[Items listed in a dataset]

......

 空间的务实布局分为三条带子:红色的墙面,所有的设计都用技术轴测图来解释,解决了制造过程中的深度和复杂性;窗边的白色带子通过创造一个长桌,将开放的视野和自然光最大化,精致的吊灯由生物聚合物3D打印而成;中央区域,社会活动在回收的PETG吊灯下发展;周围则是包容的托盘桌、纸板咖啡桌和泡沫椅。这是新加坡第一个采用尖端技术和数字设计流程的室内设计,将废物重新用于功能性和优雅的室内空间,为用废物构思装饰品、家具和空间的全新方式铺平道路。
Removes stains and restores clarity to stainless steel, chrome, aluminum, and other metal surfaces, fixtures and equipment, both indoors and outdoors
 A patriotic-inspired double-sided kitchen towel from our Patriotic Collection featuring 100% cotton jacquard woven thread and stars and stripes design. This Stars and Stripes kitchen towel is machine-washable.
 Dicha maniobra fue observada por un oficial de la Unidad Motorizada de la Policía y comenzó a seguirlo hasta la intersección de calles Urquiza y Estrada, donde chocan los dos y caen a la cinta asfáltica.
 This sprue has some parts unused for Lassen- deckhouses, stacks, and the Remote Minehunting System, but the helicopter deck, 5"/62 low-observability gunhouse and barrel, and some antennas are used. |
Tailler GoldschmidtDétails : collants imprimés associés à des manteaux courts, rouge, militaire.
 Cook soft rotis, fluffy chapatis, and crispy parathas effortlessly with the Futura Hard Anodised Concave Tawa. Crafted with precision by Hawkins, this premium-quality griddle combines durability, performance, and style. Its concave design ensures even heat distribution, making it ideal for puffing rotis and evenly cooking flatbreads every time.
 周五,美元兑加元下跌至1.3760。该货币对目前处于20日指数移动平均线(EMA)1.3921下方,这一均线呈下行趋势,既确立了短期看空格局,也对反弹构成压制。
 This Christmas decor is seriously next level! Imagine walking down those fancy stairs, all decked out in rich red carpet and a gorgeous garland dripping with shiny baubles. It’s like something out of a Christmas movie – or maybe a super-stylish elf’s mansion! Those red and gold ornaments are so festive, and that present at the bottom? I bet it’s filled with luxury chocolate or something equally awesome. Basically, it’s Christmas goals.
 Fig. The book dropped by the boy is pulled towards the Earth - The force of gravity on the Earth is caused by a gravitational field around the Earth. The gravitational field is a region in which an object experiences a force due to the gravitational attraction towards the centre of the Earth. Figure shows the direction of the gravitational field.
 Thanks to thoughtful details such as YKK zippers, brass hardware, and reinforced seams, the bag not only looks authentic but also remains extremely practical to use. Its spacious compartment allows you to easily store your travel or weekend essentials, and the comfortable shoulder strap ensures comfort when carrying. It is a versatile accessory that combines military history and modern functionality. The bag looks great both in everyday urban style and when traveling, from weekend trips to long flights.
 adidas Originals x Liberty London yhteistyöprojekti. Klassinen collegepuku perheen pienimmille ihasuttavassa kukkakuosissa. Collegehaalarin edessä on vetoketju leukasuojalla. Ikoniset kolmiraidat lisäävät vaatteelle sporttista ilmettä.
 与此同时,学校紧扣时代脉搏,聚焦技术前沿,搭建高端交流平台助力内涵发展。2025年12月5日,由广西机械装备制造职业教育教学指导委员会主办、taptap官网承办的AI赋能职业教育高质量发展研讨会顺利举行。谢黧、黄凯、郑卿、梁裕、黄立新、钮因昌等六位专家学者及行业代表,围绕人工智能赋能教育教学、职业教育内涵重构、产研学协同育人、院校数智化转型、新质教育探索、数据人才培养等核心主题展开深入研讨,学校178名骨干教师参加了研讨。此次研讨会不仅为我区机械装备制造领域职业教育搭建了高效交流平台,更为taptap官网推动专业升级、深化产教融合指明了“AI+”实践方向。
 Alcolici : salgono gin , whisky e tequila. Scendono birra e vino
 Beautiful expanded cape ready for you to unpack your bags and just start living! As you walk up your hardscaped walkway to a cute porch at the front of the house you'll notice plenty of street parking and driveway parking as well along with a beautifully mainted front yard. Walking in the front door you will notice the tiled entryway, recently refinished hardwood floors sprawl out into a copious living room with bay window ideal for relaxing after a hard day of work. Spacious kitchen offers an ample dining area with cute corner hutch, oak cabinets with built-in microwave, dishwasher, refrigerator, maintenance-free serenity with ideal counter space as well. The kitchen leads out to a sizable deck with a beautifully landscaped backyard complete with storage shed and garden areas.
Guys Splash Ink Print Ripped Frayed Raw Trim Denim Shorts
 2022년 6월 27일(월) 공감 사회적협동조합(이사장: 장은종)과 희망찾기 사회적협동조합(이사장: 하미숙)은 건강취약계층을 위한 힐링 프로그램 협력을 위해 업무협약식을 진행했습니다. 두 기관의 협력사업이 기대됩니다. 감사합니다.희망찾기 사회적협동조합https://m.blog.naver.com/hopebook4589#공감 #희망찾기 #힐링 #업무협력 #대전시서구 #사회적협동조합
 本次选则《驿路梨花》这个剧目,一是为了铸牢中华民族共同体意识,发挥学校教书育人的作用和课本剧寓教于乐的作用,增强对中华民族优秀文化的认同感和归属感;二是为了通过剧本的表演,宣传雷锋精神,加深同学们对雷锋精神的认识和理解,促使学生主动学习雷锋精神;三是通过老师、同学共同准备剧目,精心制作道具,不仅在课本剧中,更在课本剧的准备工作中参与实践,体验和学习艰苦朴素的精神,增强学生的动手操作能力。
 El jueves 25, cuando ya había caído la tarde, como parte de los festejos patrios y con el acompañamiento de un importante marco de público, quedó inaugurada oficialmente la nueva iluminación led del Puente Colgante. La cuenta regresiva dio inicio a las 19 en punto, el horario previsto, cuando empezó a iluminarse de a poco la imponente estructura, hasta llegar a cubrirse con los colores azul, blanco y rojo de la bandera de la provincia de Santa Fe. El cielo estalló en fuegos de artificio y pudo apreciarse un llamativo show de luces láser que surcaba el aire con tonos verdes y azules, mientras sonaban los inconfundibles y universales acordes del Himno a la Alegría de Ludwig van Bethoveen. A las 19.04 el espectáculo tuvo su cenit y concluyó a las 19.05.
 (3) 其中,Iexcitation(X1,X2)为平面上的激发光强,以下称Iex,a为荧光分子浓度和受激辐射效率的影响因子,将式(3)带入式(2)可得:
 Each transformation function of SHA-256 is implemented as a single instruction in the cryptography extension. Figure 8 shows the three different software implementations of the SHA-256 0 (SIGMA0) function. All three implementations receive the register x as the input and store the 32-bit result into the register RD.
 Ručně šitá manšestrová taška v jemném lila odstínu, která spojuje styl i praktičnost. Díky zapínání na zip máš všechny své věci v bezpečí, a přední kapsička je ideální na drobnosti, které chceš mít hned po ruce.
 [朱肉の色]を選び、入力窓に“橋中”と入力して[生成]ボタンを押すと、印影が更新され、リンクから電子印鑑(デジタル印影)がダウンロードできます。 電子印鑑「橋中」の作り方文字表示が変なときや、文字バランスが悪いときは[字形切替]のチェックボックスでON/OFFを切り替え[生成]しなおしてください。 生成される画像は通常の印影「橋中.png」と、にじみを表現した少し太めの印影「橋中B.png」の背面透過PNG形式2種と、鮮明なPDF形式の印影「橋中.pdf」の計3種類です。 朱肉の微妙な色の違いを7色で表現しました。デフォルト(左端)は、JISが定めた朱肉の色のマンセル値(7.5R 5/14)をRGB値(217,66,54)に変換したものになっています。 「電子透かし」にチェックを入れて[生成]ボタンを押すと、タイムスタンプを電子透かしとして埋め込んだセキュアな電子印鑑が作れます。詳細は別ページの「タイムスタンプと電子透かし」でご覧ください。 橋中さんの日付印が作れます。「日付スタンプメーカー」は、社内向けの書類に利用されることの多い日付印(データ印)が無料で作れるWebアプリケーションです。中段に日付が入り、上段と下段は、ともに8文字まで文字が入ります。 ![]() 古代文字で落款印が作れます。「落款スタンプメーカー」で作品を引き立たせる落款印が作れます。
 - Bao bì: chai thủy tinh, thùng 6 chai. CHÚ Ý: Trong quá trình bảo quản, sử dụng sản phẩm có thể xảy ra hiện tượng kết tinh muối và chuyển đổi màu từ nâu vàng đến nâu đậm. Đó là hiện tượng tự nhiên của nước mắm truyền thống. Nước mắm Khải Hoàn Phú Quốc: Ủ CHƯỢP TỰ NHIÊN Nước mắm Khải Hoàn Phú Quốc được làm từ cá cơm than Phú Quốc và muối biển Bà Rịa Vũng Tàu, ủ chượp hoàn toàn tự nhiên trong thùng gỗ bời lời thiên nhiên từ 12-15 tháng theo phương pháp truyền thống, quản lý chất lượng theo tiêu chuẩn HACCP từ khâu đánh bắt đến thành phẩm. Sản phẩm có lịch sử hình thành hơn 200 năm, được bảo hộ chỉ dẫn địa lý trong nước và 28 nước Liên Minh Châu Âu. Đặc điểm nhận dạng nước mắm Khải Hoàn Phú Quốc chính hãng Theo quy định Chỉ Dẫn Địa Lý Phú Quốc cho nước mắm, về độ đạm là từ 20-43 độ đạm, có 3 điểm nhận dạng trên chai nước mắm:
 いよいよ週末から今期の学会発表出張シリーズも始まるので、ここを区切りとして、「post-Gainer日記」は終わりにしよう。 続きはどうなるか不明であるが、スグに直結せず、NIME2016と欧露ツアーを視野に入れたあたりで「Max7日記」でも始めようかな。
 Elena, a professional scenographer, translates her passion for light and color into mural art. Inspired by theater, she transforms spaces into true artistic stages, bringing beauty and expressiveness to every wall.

......

**WHAT THE TASK REQUIRES**
Taking the entries above, write out exactly the lines starting with the line containing "This sprue has" and going on through the line containing "adidas Originals x", both included, and nothing else.

**EXERCISE RESPONSE**
 This sprue has some parts unused for Lassen- deckhouses, stacks, and the Remote Minehunting System, but the helicopter deck, 5"/62 low-observability gunhouse and barrel, and some antennas are used. |
Tailler GoldschmidtDétails : collants imprimés associés à des manteaux courts, rouge, militaire.
 Cook soft rotis, fluffy chapatis, and crispy parathas effortlessly with the Futura Hard Anodised Concave Tawa. Crafted with precision by Hawkins, this premium-quality griddle combines durability, performance, and style. Its concave design ensures even heat distribution, making it ideal for puffing rotis and evenly cooking flatbreads every time.
 周五,美元兑加元下跌至1.3760。该货币对目前处于20日指数移动平均线(EMA)1.3921下方,这一均线呈下行趋势,既确立了短期看空格局,也对反弹构成压制。
 This Christmas decor is seriously next level! Imagine walking down those fancy stairs, all decked out in rich red carpet and a gorgeous garland dripping with shiny baubles. It’s like something out of a Christmas movie – or maybe a super-stylish elf’s mansion! Those red and gold ornaments are so festive, and that present at the bottom? I bet it’s filled with luxury chocolate or something equally awesome. Basically, it’s Christmas goals.
 Fig. The book dropped by the boy is pulled towards the Earth - The force of gravity on the Earth is caused by a gravitational field around the Earth. The gravitational field is a region in which an object experiences a force due to the gravitational attraction towards the centre of the Earth. Figure shows the direction of the gravitational field.
 Thanks to thoughtful details such as YKK zippers, brass hardware, and reinforced seams, the bag not only looks authentic but also remains extremely practical to use. Its spacious compartment allows you to easily store your travel or weekend essentials, and the comfortable shoulder strap ensures comfort when carrying. It is a versatile accessory that combines military history and modern functionality. The bag looks great both in everyday urban style and when traveling, from weekend trips to long flights.
 adidas Originals x Liberty London yhteistyöprojekti. Klassinen collegepuku perheen pienimmille ihasuttavassa kukkakuosissa. Collegehaalarin edessä on vetoketju leukasuojalla. Ikoniset kolmiraidat lisäävät vaatteelle sporttista ilmettä.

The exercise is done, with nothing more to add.